> How to complete this task
Write the lines below out exactly, dropping each picture.

> Records for this task

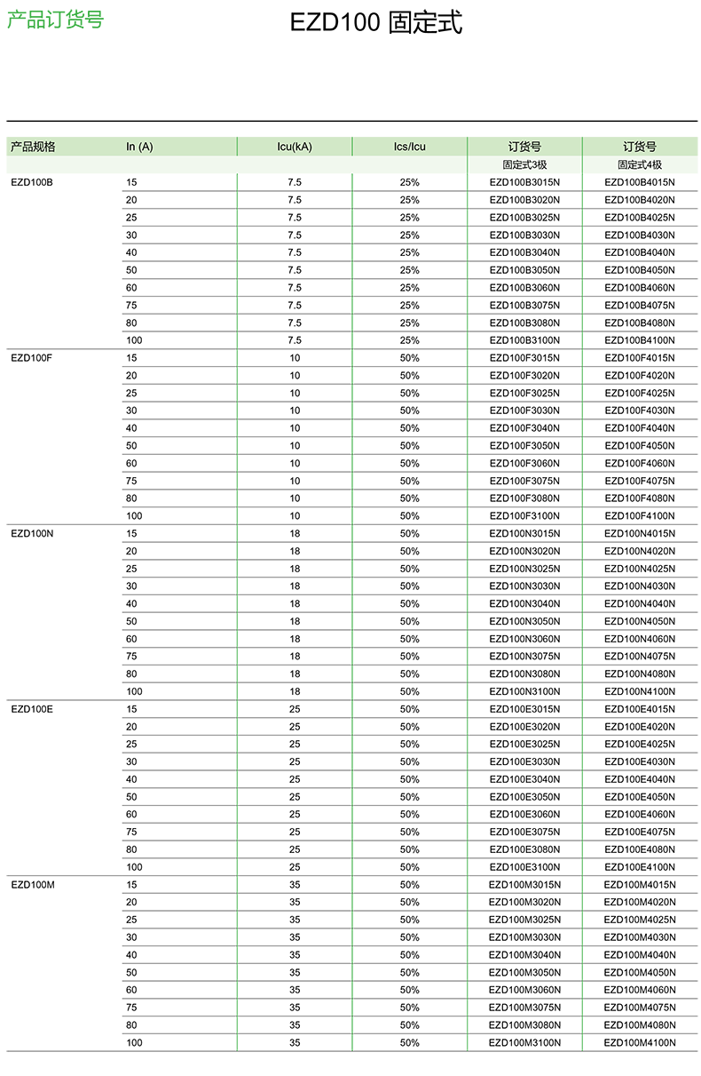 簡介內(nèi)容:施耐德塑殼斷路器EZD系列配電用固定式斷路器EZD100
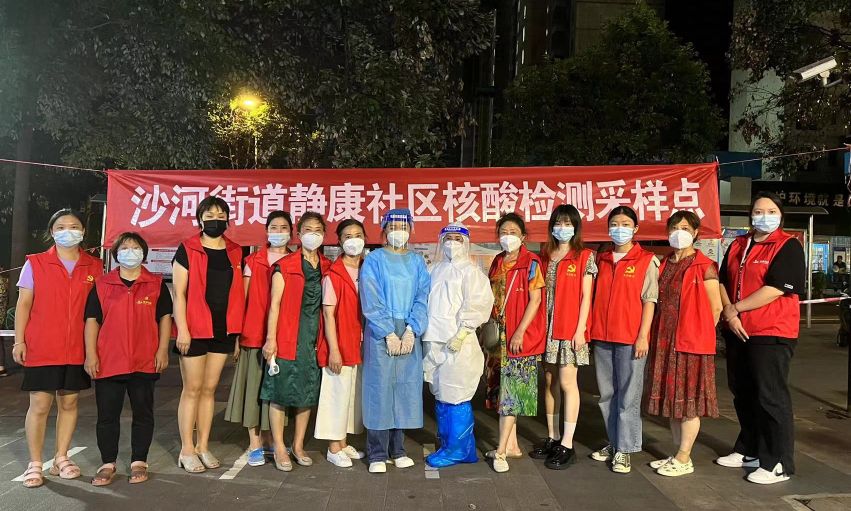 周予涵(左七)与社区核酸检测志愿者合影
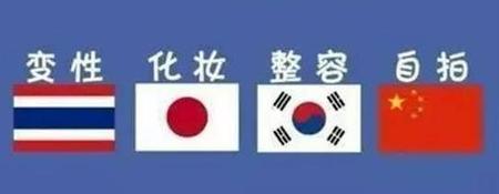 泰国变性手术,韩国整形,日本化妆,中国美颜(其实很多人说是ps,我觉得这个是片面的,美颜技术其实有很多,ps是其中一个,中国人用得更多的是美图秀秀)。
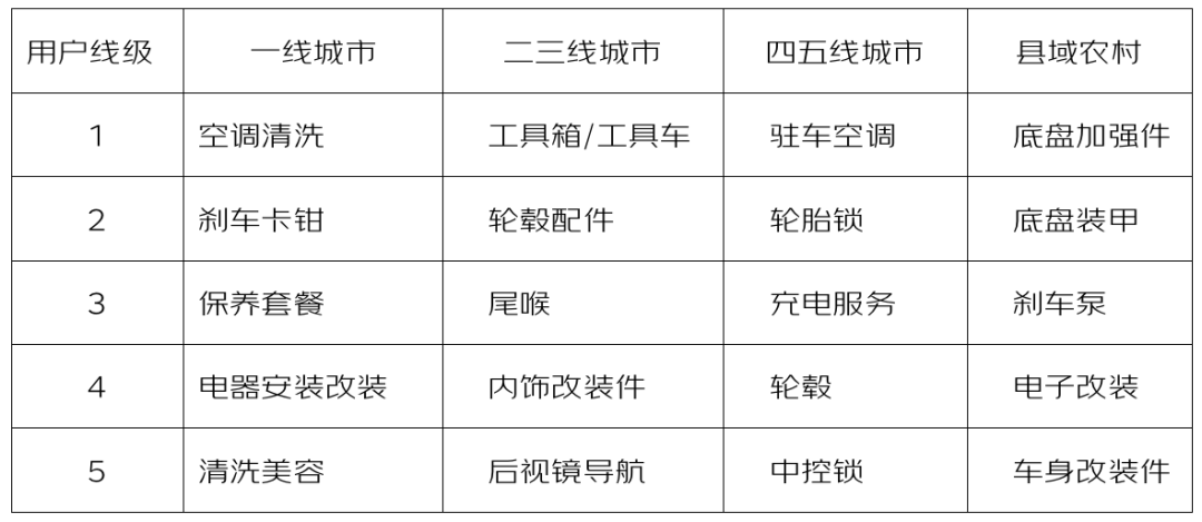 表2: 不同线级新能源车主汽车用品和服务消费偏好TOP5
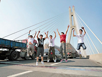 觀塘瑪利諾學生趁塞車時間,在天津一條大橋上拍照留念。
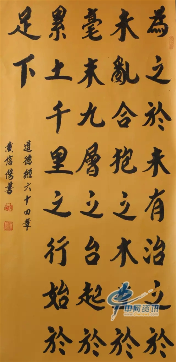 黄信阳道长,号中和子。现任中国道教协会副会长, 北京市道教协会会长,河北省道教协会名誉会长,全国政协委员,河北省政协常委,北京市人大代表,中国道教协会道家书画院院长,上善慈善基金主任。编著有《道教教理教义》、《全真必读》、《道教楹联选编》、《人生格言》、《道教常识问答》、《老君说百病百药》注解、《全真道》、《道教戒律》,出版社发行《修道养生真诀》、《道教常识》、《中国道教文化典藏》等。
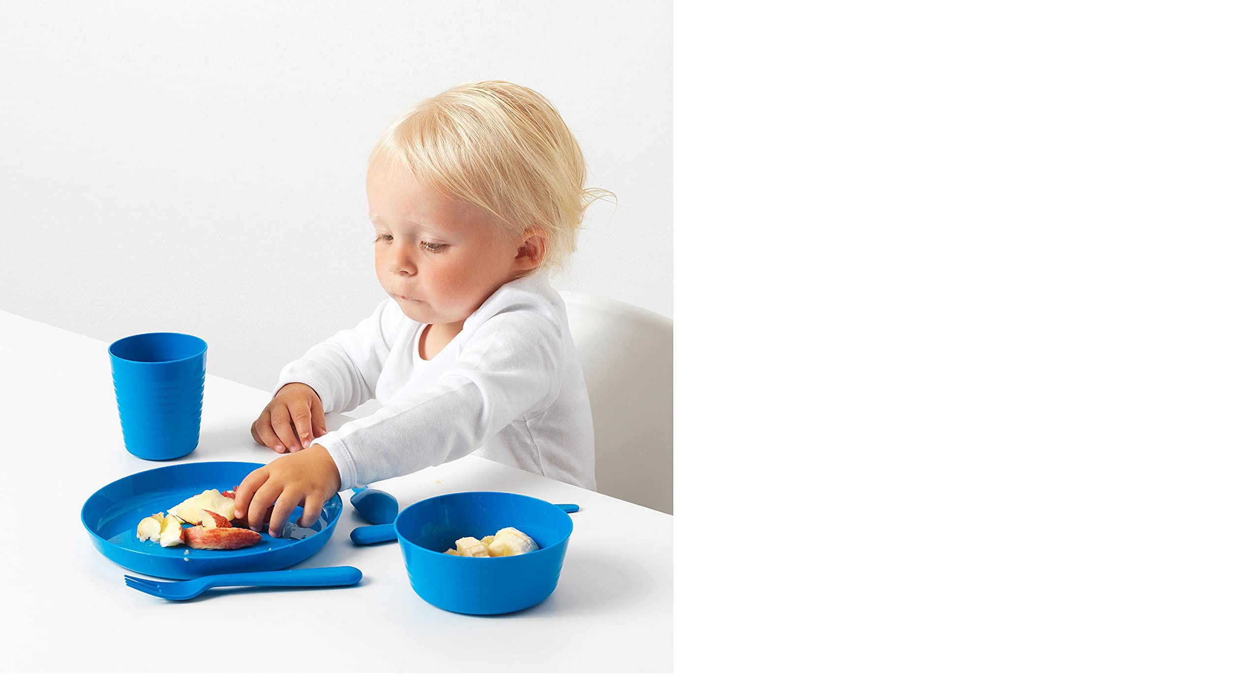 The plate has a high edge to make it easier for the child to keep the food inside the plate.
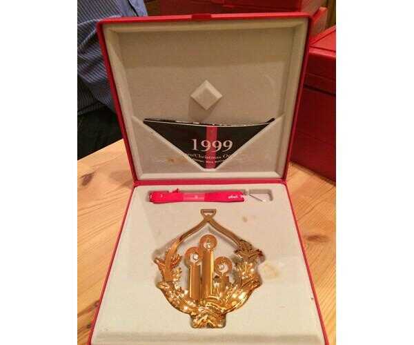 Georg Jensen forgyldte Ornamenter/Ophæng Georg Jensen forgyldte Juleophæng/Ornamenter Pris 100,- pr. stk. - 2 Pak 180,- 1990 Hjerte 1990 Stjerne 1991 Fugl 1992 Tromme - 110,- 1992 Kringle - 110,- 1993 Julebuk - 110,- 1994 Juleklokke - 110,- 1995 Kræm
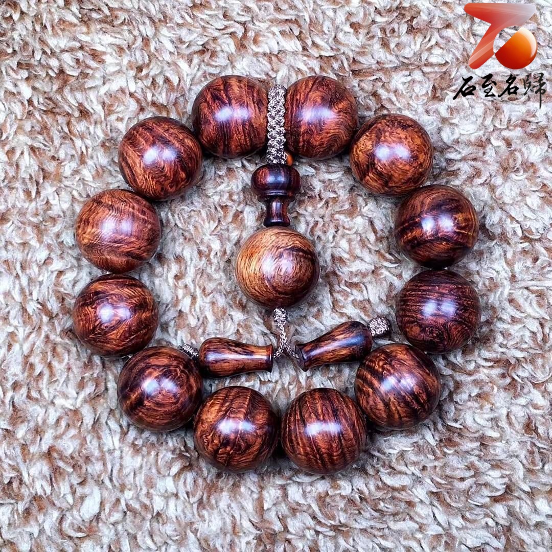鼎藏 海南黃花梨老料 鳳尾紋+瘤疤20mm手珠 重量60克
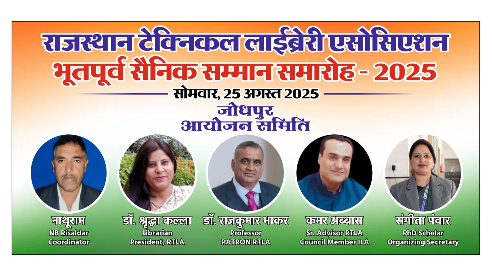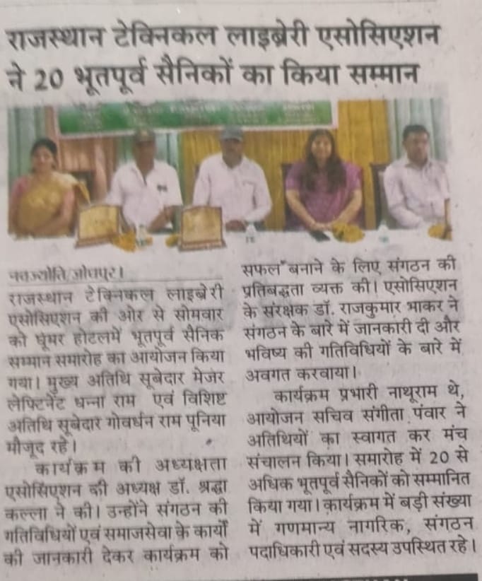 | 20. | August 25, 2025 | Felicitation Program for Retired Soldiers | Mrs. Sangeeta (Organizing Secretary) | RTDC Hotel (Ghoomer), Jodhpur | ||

> Response to this exercise
 簡介內(nèi)容:施耐德塑殼斷路器EZD系列配電用固定式斷路器EZD100
 周予涵(左七)与社区核酸检测志愿者合影
 泰国变性手术,韩国整形,日本化妆,中国美颜(其实很多人说是ps,我觉得这个是片面的,美颜技术其实有很多,ps是其中一个,中国人用得更多的是美图秀秀)。
 表2: 不同线级新能源车主汽车用品和服务消费偏好TOP5
 觀塘瑪利諾學生趁塞車時間,在天津一條大橋上拍照留念。
 黄信阳道长,号中和子。现任中国道教协会副会长, 北京市道教协会会长,河北省道教协会名誉会长,全国政协委员,河北省政协常委,北京市人大代表,中国道教协会道家书画院院长,上善慈善基金主任。编著有《道教教理教义》、《全真必读》、《道教楹联选编》、《人生格言》、《道教常识问答》、《老君说百病百药》注解、《全真道》、《道教戒律》,出版社发行《修道养生真诀》、《道教常识》、《中国道教文化典藏》等。
 The plate has a high edge to make it easier for the child to keep the food inside the plate.
 Georg Jensen forgyldte Ornamenter/Ophæng Georg Jensen forgyldte Juleophæng/Ornamenter Pris 100,- pr. stk. - 2 Pak 180,- 1990 Hjerte 1990 Stjerne 1991 Fugl 1992 Tromme - 110,- 1992 Kringle - 110,- 1993 Julebuk - 110,- 1994 Juleklokke - 110,- 1995 Kræm
鼎藏 海南黃花梨老料 鳳尾紋+瘤疤20mm手珠 重量60克
 | 20. | August 25, 2025 | Felicitation Program for Retired Soldiers | Mrs. Sangeeta (Organizing Secretary) | RTDC Hotel (Ghoomer), Jodhpur | ||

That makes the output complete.